NORMAN FINKELSTEIN: Well, before I do, I’m going to just briefly comment on the ceasefire. The ceasefire, first of all, says nothing about the rampages by Israel against Hamas in the West Bank. And it was those rampages which caused the current conflict to escalate. It gives Israel a green light to continue arresting Hamas members, blowing up homes in the West Bank, ransacking homes and killing Palestinians, which was the prelude to the current fighting.
Secondly, if you look at the ceasefire, it’s exactly what was agreed on in June—excuse me, June 2008 and the same ceasefire that was agreed to in November 2012. Namely, in both cases, it was said that there would be a relaxing of the illegal blockade of Gaza. In both cases, after the ceasefire was signed, the blockade was maintained, and in fact the blockade was escalated. So now, in the current version of the ceasefire, it said the blockade will be lifted after there has been calm restored and the security situation has been established. But if Israel says Hamas is a terrorist organization, then the security situation can never be calm in the Gaza, and therefore there will be never a lifting of the blockade of Gaza. So we’re right back to where we were in June 2008, November 2012. Of course Hamas is going to reject that kind of agreement. It means it legalizes, it legitimizes the brutal, merciless, heartless, illegal blockade of Gaza.
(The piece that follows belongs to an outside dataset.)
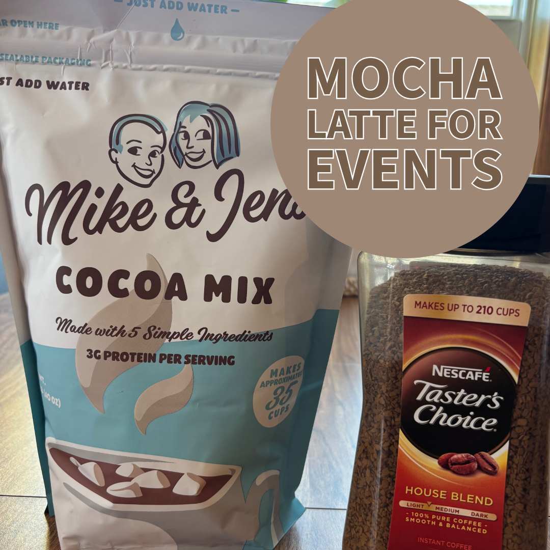 - Add 4 cups of any instant coffee for each 40 oz Bag of Mike and Jen's Cocoa Mix.

As to how we got to where we are, the general context is perfectly obvious for anyone who wants to see it. A unity government was formed between the PA and Hamas. Netanyahu was enraged at this unity government. It called on the U.S., it called on the EU, to break relations with the Palestinian Authority. Surprisingly, the United States said, "No, we’re going to give this unity government time. We’ll see whether it works or not." Then the EU came in and said it will also give the unity government time. "Let’s see. Let’s see what happens."
At this point, Netanyahu virtually went berserk, and he was determined to break up the unity government. When there was the abduction of the three Israeli teenagers, he found his pretext. There isn’t a scratch of evidence, not a jot of evidence, that Hamas had anything to do with the kidnappings and the killings. Nobody even knows what the motive was, to this point. Even if you look at the July 3rd report of Human Rights Watch, they said nobody knows who was behind the abductions. Even the U.S. State Department, on July 7th, there was a news conference, and the U.S. State Department said, "We don’t have hard evidence about who was responsible." But that had nothing to do with it. It was just a pretext. The pretext was to go into the West Bank, attack Hamas, arrest 700 members of Hamas, blow up two homes, carry on these rampages, these ransackings, and to try to evoke a reaction from Hamas.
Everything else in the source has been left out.